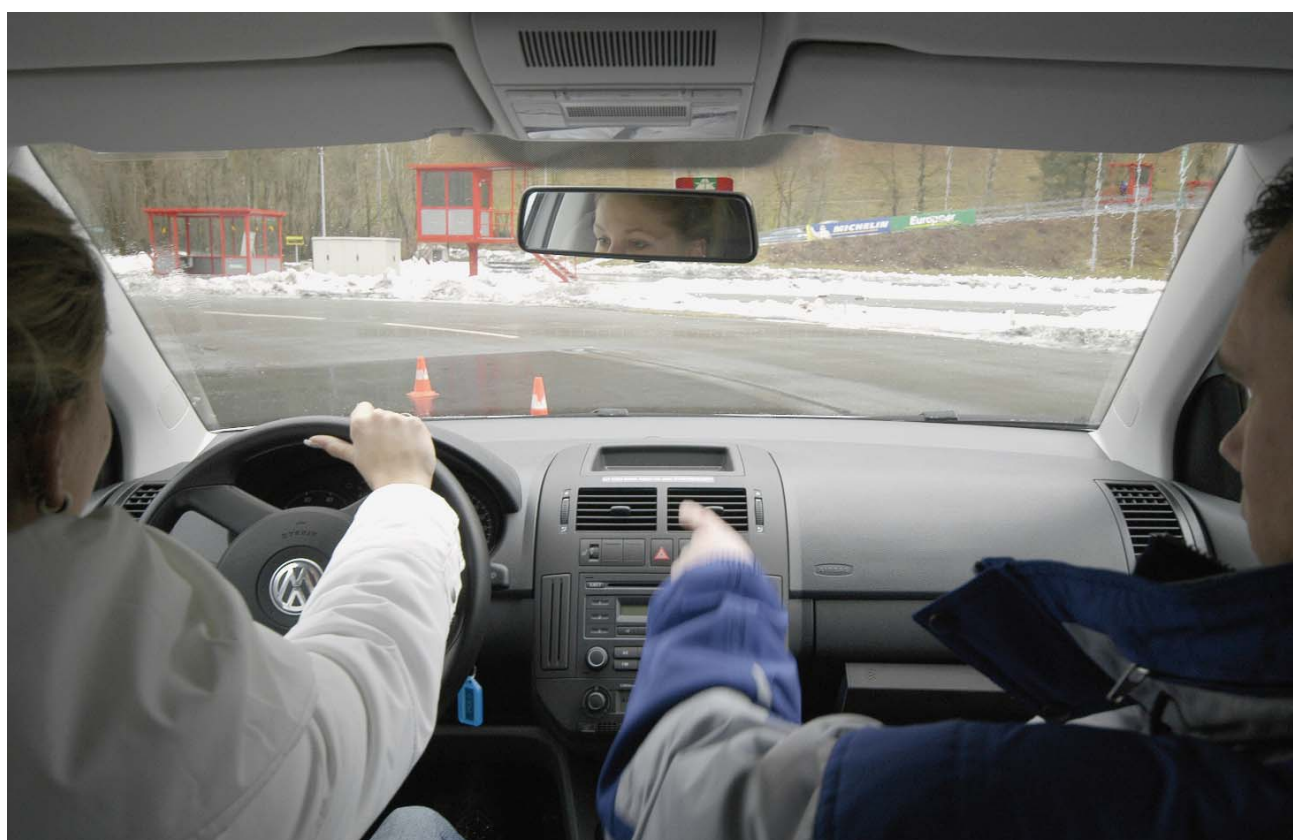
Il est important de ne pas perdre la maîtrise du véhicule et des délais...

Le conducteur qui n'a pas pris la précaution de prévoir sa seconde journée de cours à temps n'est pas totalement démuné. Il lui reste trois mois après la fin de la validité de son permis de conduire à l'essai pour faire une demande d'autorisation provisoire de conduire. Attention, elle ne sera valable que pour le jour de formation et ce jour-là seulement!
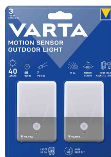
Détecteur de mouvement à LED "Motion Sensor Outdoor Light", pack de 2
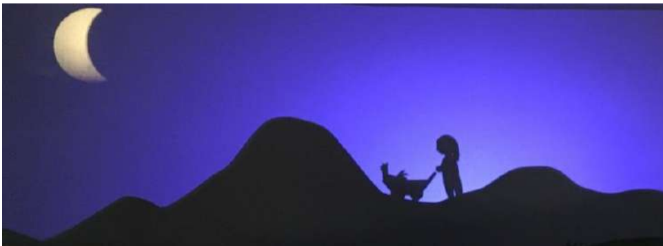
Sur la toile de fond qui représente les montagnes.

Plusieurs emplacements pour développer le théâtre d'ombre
* * *
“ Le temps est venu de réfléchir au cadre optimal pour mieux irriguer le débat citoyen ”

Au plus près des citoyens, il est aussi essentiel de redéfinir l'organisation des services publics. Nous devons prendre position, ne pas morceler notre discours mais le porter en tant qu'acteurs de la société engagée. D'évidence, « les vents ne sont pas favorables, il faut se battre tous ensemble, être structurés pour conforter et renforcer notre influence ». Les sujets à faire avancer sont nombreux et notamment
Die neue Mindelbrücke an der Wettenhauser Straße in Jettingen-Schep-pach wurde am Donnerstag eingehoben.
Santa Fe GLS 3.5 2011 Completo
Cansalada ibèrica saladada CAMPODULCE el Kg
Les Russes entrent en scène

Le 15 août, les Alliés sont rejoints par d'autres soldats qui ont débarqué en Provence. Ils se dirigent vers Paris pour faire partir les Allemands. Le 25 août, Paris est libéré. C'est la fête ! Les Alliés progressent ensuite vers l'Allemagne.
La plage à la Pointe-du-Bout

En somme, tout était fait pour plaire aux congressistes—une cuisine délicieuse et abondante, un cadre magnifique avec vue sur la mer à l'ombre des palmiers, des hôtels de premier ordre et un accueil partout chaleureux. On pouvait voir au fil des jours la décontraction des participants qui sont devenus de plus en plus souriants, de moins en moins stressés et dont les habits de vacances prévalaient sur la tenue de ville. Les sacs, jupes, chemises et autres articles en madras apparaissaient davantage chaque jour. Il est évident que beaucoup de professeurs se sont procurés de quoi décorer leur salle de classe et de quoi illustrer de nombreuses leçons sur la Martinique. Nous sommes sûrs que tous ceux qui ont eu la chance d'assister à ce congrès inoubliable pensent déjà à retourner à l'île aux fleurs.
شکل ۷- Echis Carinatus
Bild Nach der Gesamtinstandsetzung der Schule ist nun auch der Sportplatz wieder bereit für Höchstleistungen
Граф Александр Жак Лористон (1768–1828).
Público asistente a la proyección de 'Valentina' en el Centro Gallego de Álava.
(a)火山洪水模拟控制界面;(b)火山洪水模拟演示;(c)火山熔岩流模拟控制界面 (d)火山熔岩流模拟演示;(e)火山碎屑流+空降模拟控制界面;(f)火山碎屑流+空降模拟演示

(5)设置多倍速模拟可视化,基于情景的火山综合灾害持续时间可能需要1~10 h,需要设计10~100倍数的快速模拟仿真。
--
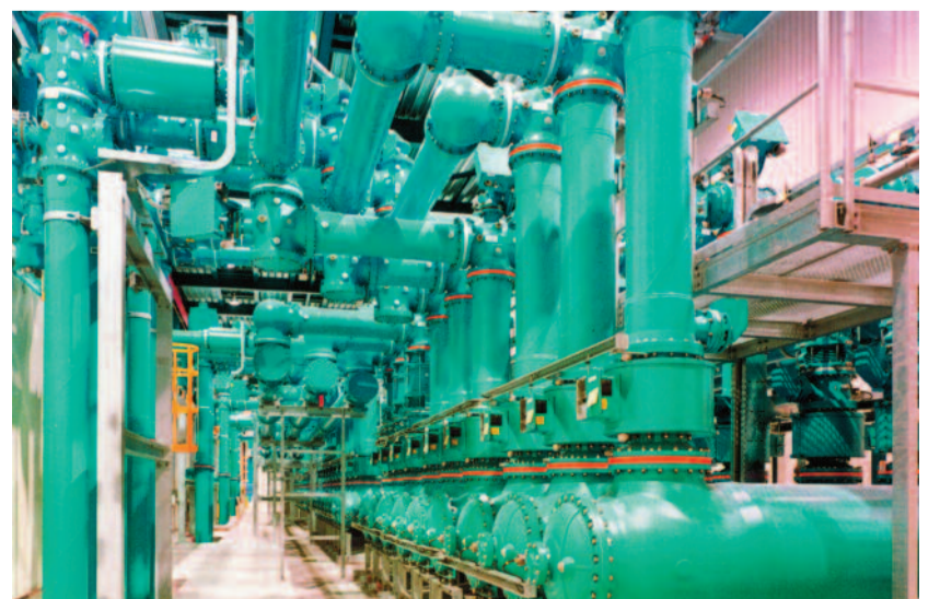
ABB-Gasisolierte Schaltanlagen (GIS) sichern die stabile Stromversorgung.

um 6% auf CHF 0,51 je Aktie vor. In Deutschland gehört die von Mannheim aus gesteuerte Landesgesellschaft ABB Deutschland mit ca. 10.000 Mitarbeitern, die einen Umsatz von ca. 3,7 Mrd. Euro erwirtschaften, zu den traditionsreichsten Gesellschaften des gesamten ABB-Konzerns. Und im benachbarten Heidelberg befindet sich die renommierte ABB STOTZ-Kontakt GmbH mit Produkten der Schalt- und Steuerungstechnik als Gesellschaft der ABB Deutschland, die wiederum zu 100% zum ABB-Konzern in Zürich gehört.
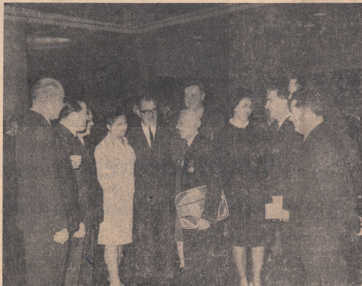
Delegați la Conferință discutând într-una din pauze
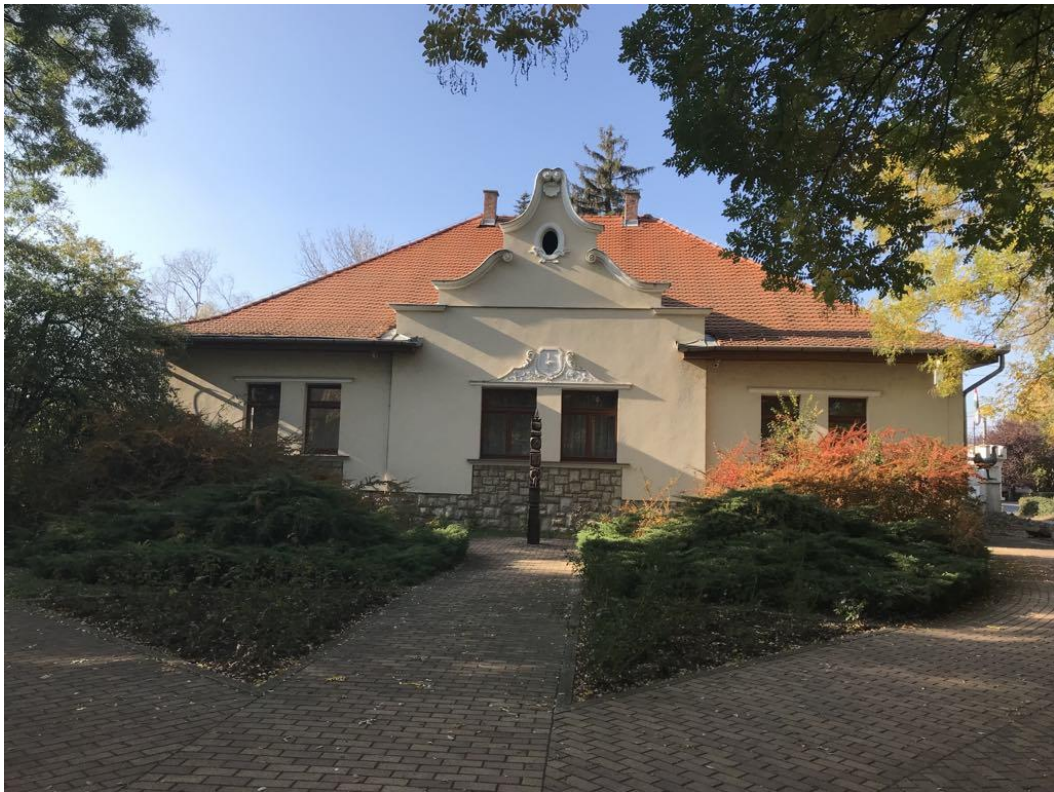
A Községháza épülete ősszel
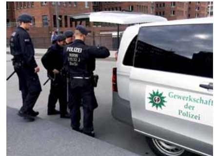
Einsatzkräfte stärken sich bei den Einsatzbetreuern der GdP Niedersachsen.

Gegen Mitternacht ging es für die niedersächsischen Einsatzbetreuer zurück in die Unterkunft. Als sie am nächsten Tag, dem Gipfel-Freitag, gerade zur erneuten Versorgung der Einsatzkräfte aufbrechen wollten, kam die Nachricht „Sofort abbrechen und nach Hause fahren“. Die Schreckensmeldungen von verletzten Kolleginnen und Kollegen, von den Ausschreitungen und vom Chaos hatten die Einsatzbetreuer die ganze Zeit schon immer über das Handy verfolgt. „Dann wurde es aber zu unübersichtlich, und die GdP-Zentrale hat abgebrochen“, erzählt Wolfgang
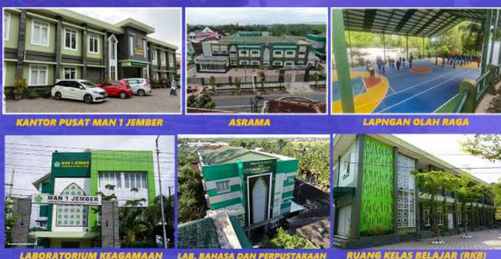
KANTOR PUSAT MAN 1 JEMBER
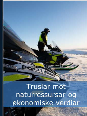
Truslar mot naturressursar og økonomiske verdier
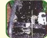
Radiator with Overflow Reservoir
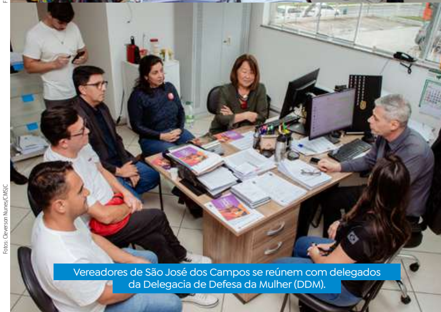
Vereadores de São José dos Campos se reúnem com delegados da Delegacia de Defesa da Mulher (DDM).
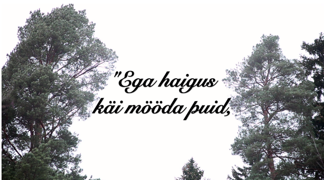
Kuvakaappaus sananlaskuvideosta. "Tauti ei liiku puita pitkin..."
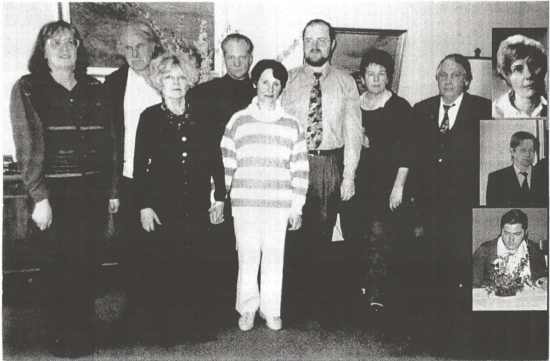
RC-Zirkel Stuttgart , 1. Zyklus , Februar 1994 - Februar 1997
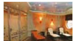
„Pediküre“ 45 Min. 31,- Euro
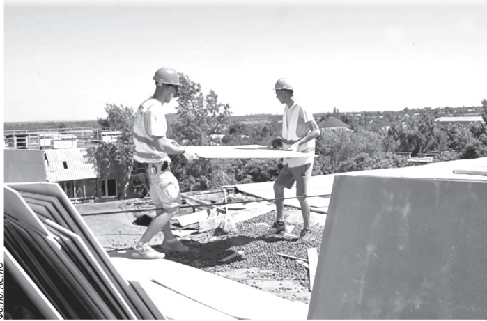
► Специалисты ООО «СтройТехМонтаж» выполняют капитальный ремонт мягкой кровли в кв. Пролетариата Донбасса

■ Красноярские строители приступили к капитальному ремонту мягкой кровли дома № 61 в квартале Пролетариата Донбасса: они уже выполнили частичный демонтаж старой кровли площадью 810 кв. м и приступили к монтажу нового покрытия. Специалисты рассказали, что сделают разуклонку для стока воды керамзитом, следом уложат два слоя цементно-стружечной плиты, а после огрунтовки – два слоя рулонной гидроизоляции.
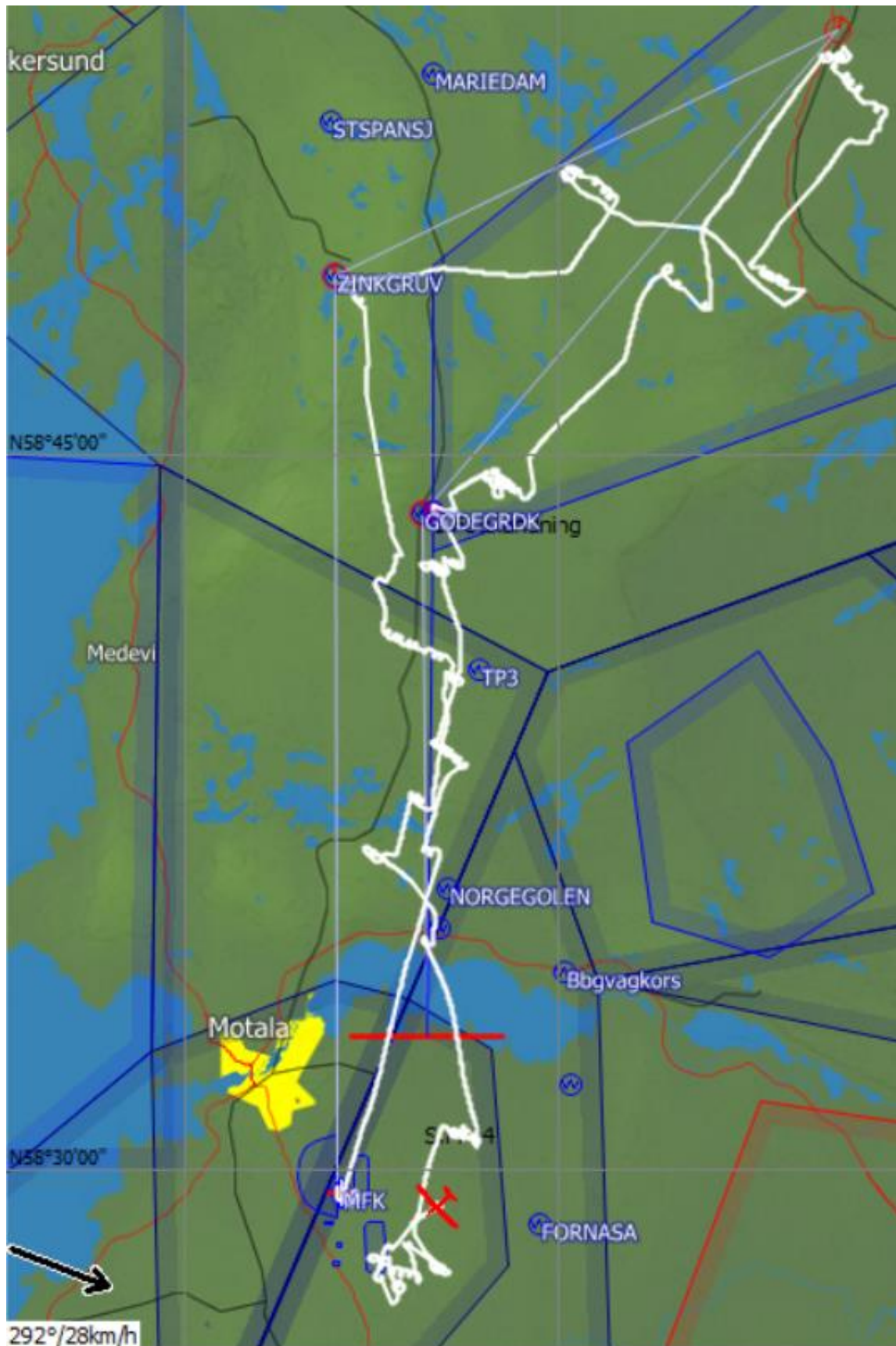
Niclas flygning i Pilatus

Problem to work on: Above are the records. Copy the lines beginning at the one that has "La plage à la Pointe-du-Bout" and ending with the one that has "(5)设置多倍速模拟可视化,基于情景的火", unchanged.

Answer to this problem:
La plage à la Pointe-du-Bout

En somme, tout était fait pour plaire aux congressistes—une cuisine délicieuse et abondante, un cadre magnifique avec vue sur la mer à l'ombre des palmiers, des hôtels de premier ordre et un accueil partout chaleureux. On pouvait voir au fil des jours la décontraction des participants qui sont devenus de plus en plus souriants, de moins en moins stressés et dont les habits de vacances prévalaient sur la tenue de ville. Les sacs, jupes, chemises et autres articles en madras apparaissaient davantage chaque jour. Il est évident que beaucoup de professeurs se sont procurés de quoi décorer leur salle de classe et de quoi illustrer de nombreuses leçons sur la Martinique. Nous sommes sûrs que tous ceux qui ont eu la chance d'assister à ce congrès inoubliable pensent déjà à retourner à l'île aux fleurs.
شکل ۷- Echis Carinatus
Bild Nach der Gesamtinstandsetzung der Schule ist nun auch der Sportplatz wieder bereit für Höchstleistungen
Граф Александр Жак Лористон (1768–1828).
Público asistente a la proyección de 'Valentina' en el Centro Gallego de Álava.
(a)火山洪水模拟控制界面;(b)火山洪水模拟演示;(c)火山熔岩流模拟控制界面 (d)火山熔岩流模拟演示;(e)火山碎屑流+空降模拟控制界面;(f)火山碎屑流+空降模拟演示

(5)设置多倍速模拟可视化,基于情景的火山综合灾害持续时间可能需要1~10 h,需要设计10~100倍数的快速模拟仿真。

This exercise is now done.